= Task item =
Repeat word for word the lines starting at the one with "manually strap pallets" and ending at the final line of the material, both ends included; omit pictures.
++++ Provided data
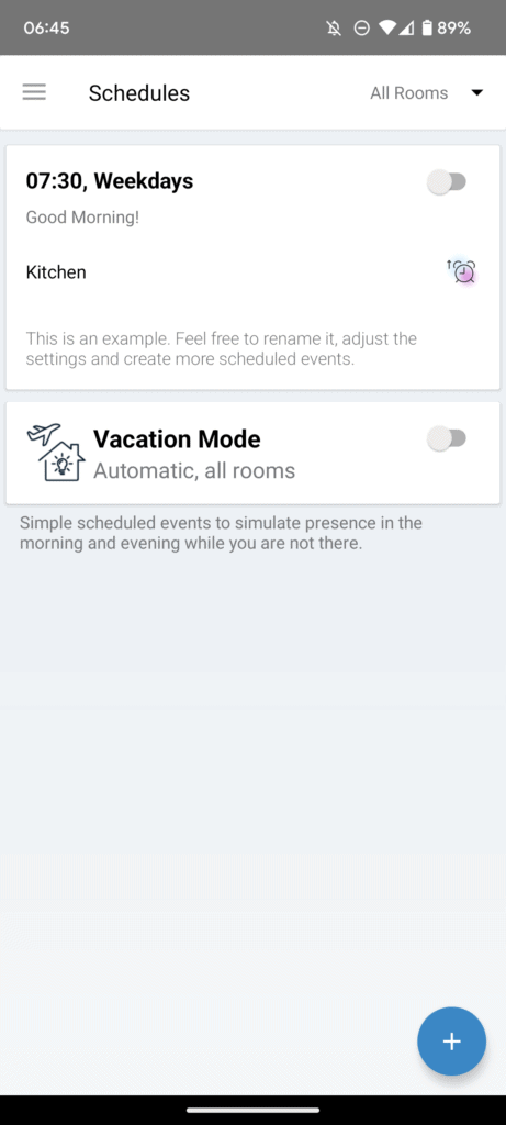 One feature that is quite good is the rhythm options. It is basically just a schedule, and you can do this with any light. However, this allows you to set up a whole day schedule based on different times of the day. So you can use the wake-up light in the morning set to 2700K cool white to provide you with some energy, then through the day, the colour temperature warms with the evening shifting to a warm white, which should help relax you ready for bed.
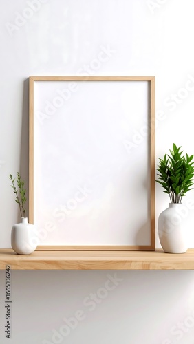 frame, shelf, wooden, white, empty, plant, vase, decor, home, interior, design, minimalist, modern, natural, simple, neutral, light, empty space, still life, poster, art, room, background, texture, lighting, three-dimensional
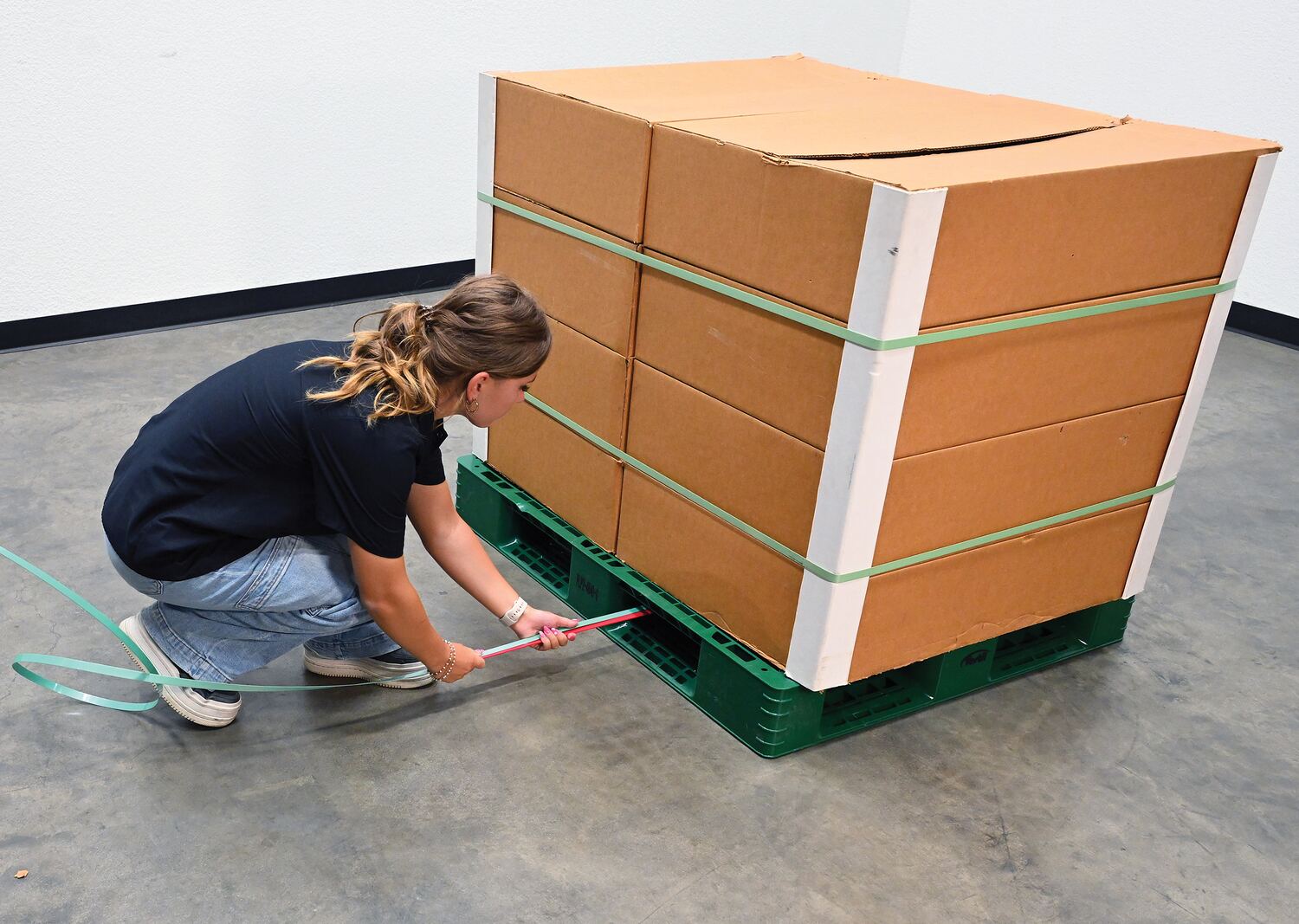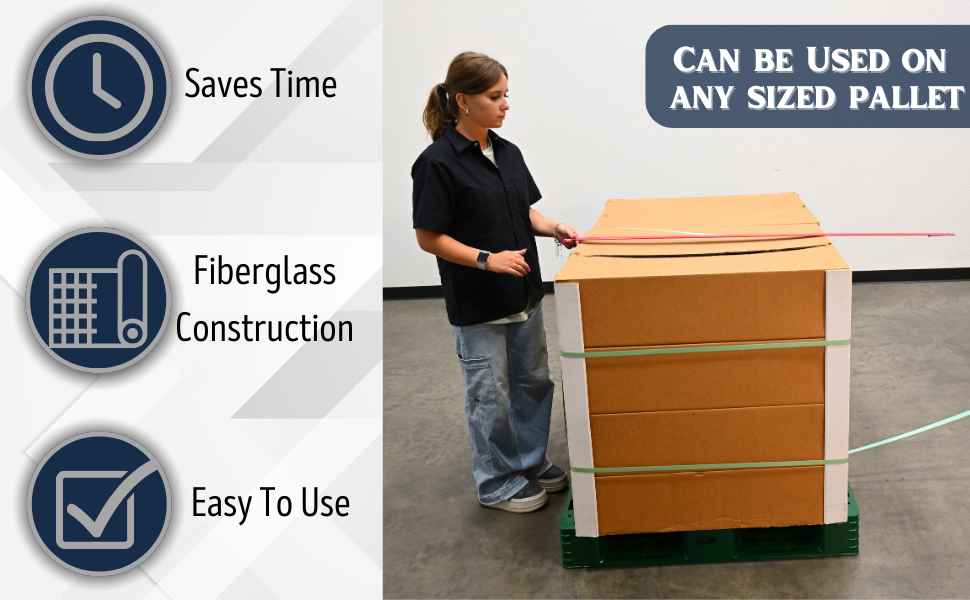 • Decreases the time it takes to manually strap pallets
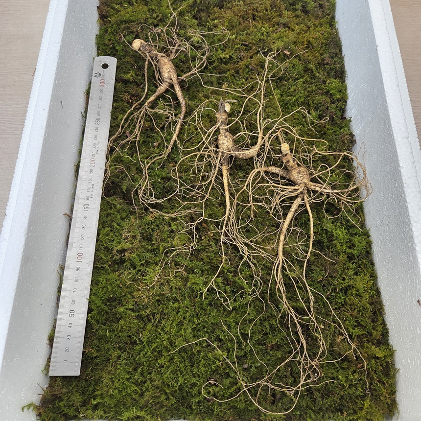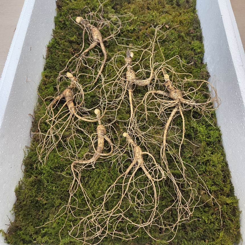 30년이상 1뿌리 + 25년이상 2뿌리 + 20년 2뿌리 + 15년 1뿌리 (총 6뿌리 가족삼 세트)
++++++++
= Task result =
 • Decreases the time it takes to manually strap pallets
 30년이상 1뿌리 + 25년이상 2뿌리 + 20년 2뿌리 + 15년 1뿌리 (총 6뿌리 가족삼 세트)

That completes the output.